Missing ingredients?
No steak? Use fried chicken strips, some ham, or even a veggie patty instead. Cheddar, gouda, or emmental are all good as long as they melt. If you’re out of bagels, try a crusty roll or even a croissant—you’ll still get something delicious.

Serving ideas
Add a crunchy green salad or crispy home fries if you want to make it a full meal. If you’re short on time, an espresso or fresh-squeezed orange juice on the side is perfect. When I want it really American, I go for a big latte with plenty of foam with the sandwich.
A bit of background
Steak, egg, and cheese bagels are a staple at American breakfast spots and diners. Back in the 90s, McDonald’s sold out of them first most mornings. In the Midwest, folks swear by them to power up before a commute or a long day. These days, lots of people make them at home for a grab-and-go breakfast.
Recipe FAQs
- → What’s the best steak cut for this bagel?

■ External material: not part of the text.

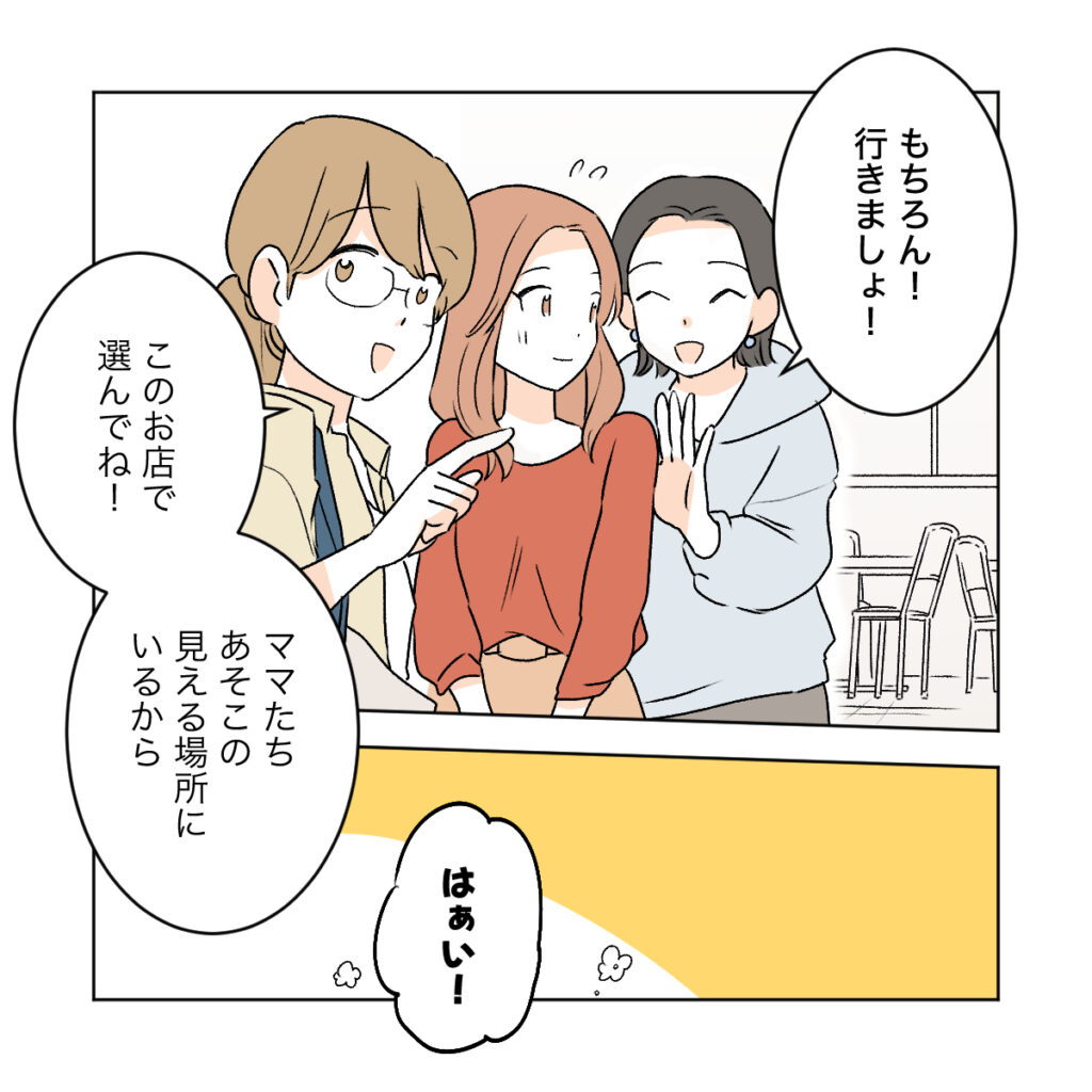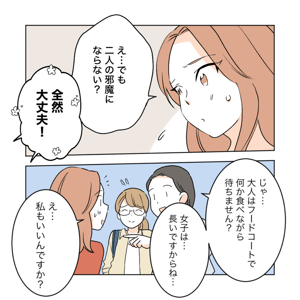 突然の飛び入りで邪魔にならないか遠慮したカエデでしたが、レイちゃんとユウちゃんのママたちは喜んでカエデとアカネを迎えました。そしてママたちはすぐそばのフードコートでお茶しながら娘たちの買い物が終わるのを待つことにしたのです。
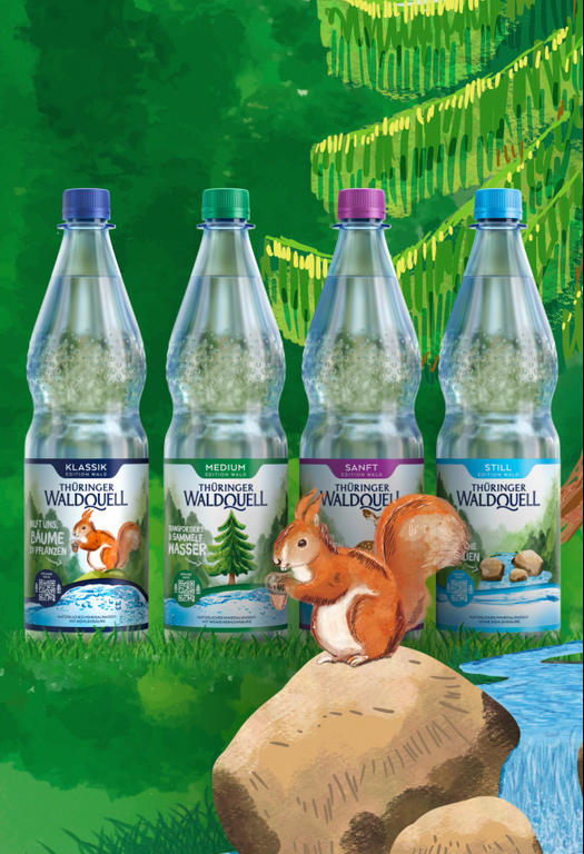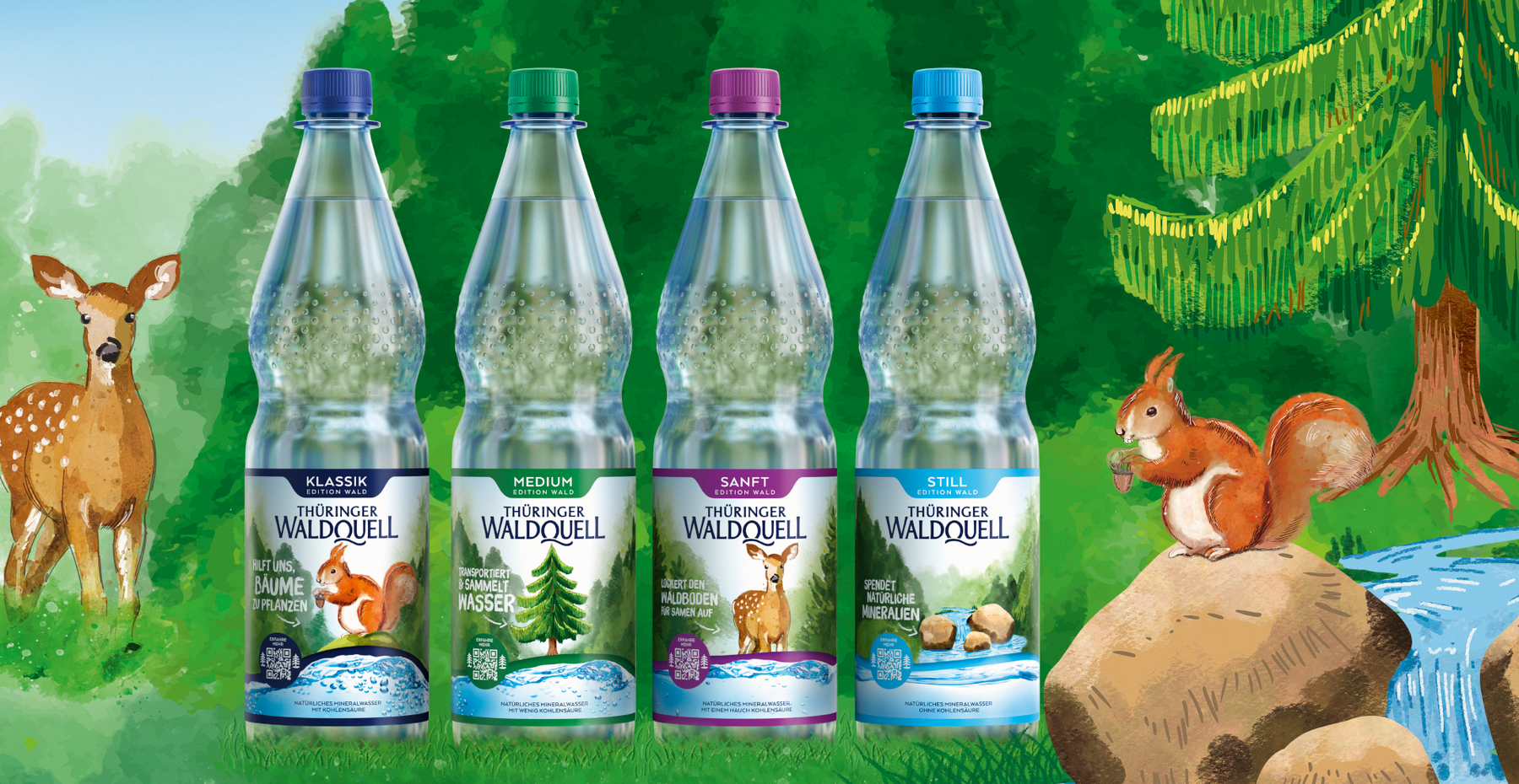 „Mineralwasser ist der Durstlöscher Nr. 1 von Thüringer Waldquell. Ein guter Grund, das beliebte Naturprodukt mit einer limitierten Design Edition auf emotionale Art und Weise ganz besonders in Szene zu setzen“, sagt Saskia Huneke, Marketingleiterin bei Thüringer Waldquell. „Auf den handgezeichneten Etiketten im Aquarellstil bilden wir den Wald als Ursprungsort unseres Mineralwassers ab.“ Jede der vier Mineralwassersorten zeigt auf einem individuell gestalteten Etikett jeweils einen Waldbewohner: Eichhörnchen, Reh, Bäume und Gesteine. Diese Waldbewohner sind bereits seit Längerem Teil der Thüringer Waldquell Markenkampagne. Darüber hinaus führen QR-Codes auf den Etiketten zu einer eigens für die Kampagne gestalteten Landingpage, die darüber informiert, wie die einzelnen Waldbewohner dazu beitragen, das Ökosystem Thüringer Wald und damit auch das Mineralwasser aus den Tiefen des Thüringer Waldes zu schützen und zu erhalten.

Lots of folks love ribeye or sirloin, but roast beef slices are tasty too. Cut it nice and thin for awesome flavor and juicy bites.
- → Can I swap out the cheese type?
Absolutely—cheddar and Swiss melt great and taste awesome. Gouda’s a good pick too.
- → How do you get the egg really fluffy?
Beat the egg with a splash of milk, keep your heat low, and let it gently set. Shape it so it fits right in your bagel.
- → Which kind of bagel works best?
Plain bagels let all the flavors shine. Or change it up with something like sesame or whole wheat for a twist.
- → How do I make onions extra caramelized?
Let onions cook slowly with some butter, stirring often. Wait until they’re soft and deep golden brown.